- _About this task_
I need the lines from the one holding "Belle & Bloom" to the last line of the data below repeated exactly, both included, without pictures.

- _Stored data_
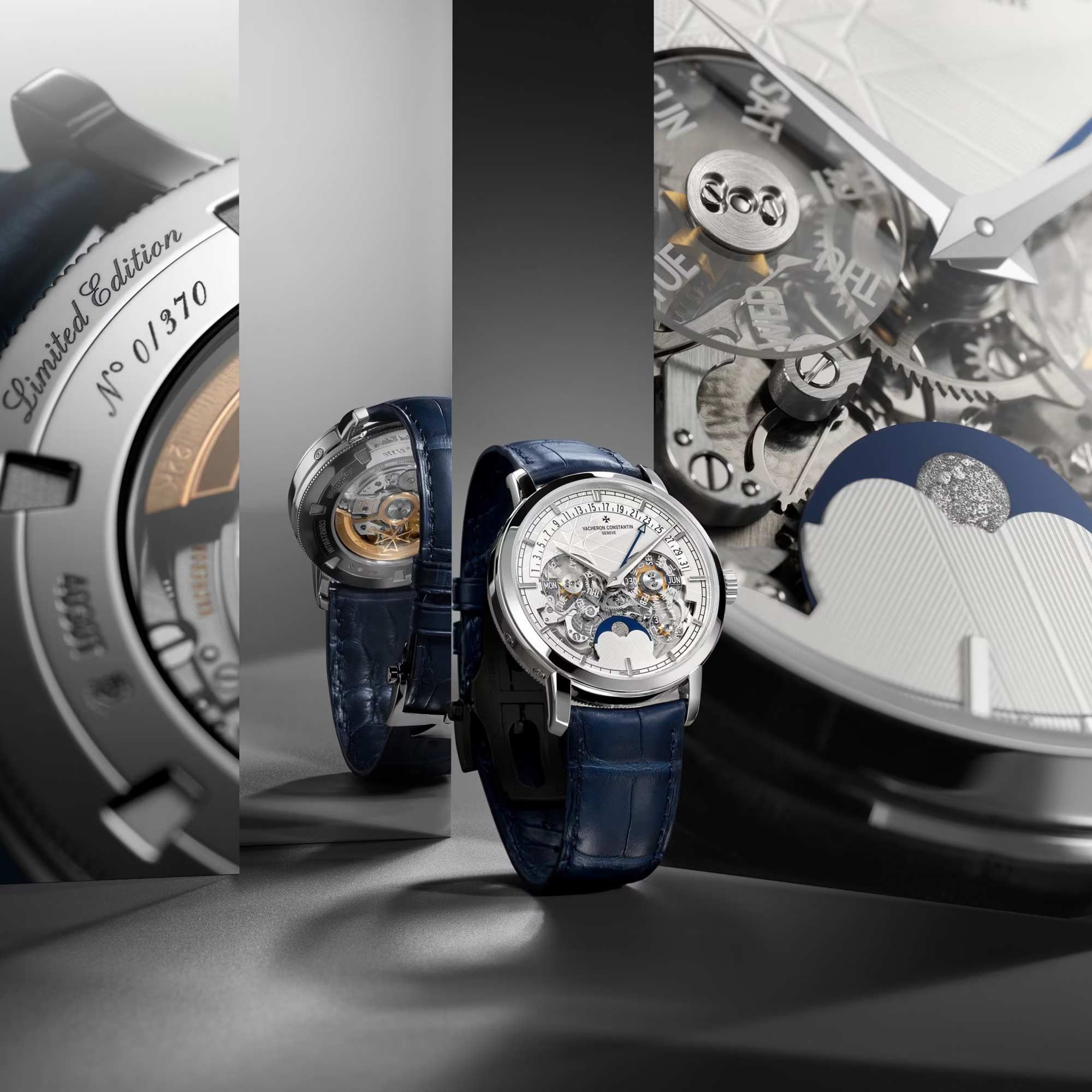 This timepiece, its case entirely sculpted in 950 platinum, brings together mechanical prowess and avant-garde vision. Issued in a limited edition of 370 pieces for Vacheron Constantin’s 270th anniversary, the watch sports a discreet anniversary signature and a "côte unique" finish. An openface dial adorned with a hand-guilloché Maltese cross pattern reveals the beauty and power of its new self-winding movement. A perpetual calendar boasts a retrograde date as well as a high-precision moon phase, while the Traditionnelle Collection’s classic styling is fully upheld: a stepped round case and lugs, slender bezel and fluted caseback, railway-type minute track and Dauphine-type hour and minute hands.
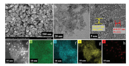 | Fig. 2. (a) SEM images of PI-OMe-TiO2(5.2 wt%); (b) TEM, (c) HRTEM, and (d-h) the elemental mappings image of Pt/PI-OMe-TiO2(5.2 wt%). | |
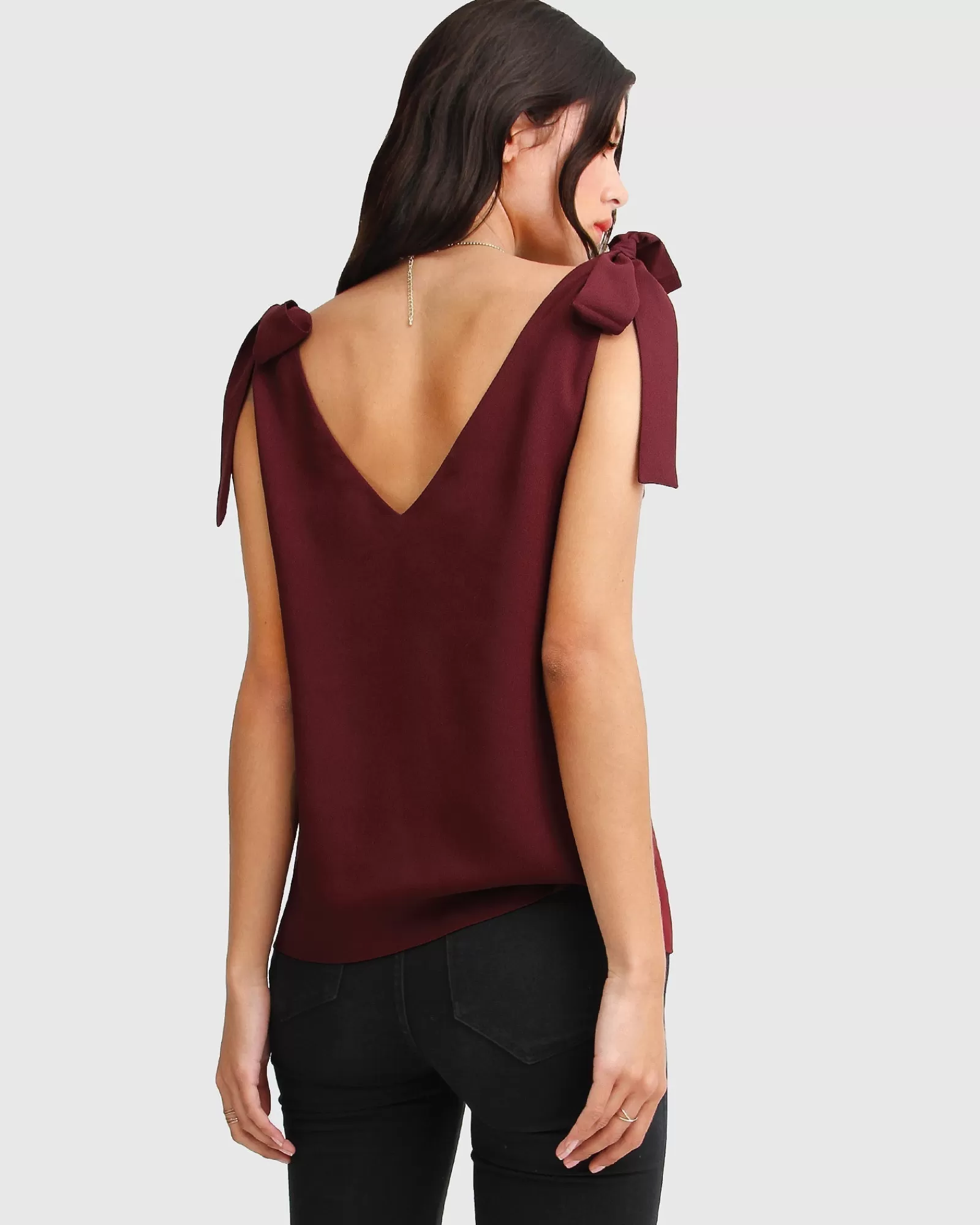 Belle & Bloom Feel For You V-Neck Top – Burgundy
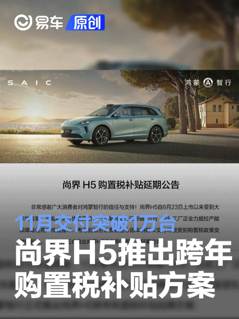 易车讯 12月2日,鸿蒙智行官方宣布尚界H5正式推出跨年购置税补贴延期方案。在2025年12月31日24:00前完成大定锁单,如因非用户原因车辆未及时到店交付,导致开票和车辆交付实际发生在2026年,则用户可享受跨年购置税全额补贴方案,预计至高 补贴金额9000元。

- _Result of the exercise_
 Belle & Bloom Feel For You V-Neck Top – Burgundy
 易车讯 12月2日,鸿蒙智行官方宣布尚界H5正式推出跨年购置税补贴延期方案。在2025年12月31日24:00前完成大定锁单,如因非用户原因车辆未及时到店交付,导致开票和车辆交付实际发生在2026年,则用户可享受跨年购置税全额补贴方案,预计至高 补贴金额9000元。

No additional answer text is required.